Friday, August 5, 2011

The representation of St. Sebastian in the XXth and XXIst Centuries are clearly eons apart from those before the XIXth Century. The religio-spiritual content possesses only the faintest glimmer as most artists focused on the genitals--i.e., penis centered.


An icon, particularly a gay icon may be a larger-than-life image. Certainly, since his pre-Congregation canonization, St Sebastian's reputation grew to be larger-than-life! His popularity eclipsed most other Christian saints. A gay icon possesses an inherent glamour, a transcendent allure. In the case of St. Sebastian that may be seen to be the glamour of his familial position, his martyrdom and the appeal of his scantily clad figure. A gay icon exhibits strength through adversity. Sebastian qualifies! He knowingly returned to the Imperial Palace and confronted the Emperor. And, a gay icon may be androgynous, or possess an ambiguous sexuality. In a small number of images, the martyr-saint may be viewed as androgenous. However, the vast majority of images of St. Sebastian portray him clearly as a male from post adolescence through maturity, although, many of the images tend to display the martyr-saint below the age of twenty, although an equal number show the martyr-saint in full blown maturity.

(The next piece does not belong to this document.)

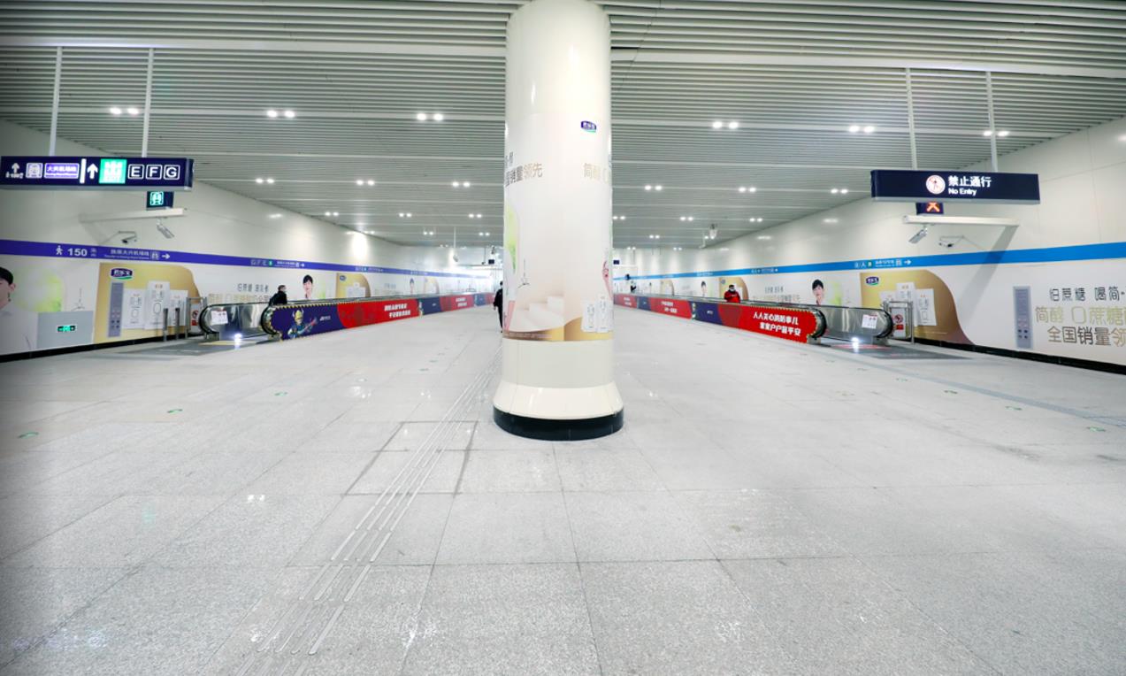 位于換乘通道入口 ,弧形墻面正對(duì)地鐵站廳,雙側(cè)超大墻貼直面乘客,利于產(chǎn)生直觀品牌印象,提升品牌認(rèn)知度

Women Artists and St. Sebastian



In the 1960s-1980s the "second wave" of feminism took firm hold in the United States. The 1990s saw what is termed as the "third wave." It is in the 1990s that women artists more frequently began to employ St. Sebastian as subject in their repertoire. But, this decade did not see the first representation of the martyr saint as subject. In the latter part of the XVIth Century, Lavinia Fontana (d. 1614) represented the saint coupled with Sts Cecelia (See: Figure 265). In the XVIth and XVIIth Centuries women had frequently painted the nude female. But, the representation of the nude or semi-nude male was rare due to the cultural admonition against women beholding a nude male. Yet, the representation of St. Sebastian by Lavinia Fontana was not only unusual, it was relatively unique. Like many of her male counterparts, she portrays the saint not only as an Apollonian ideal, but with a loin drape that is also rather erotic.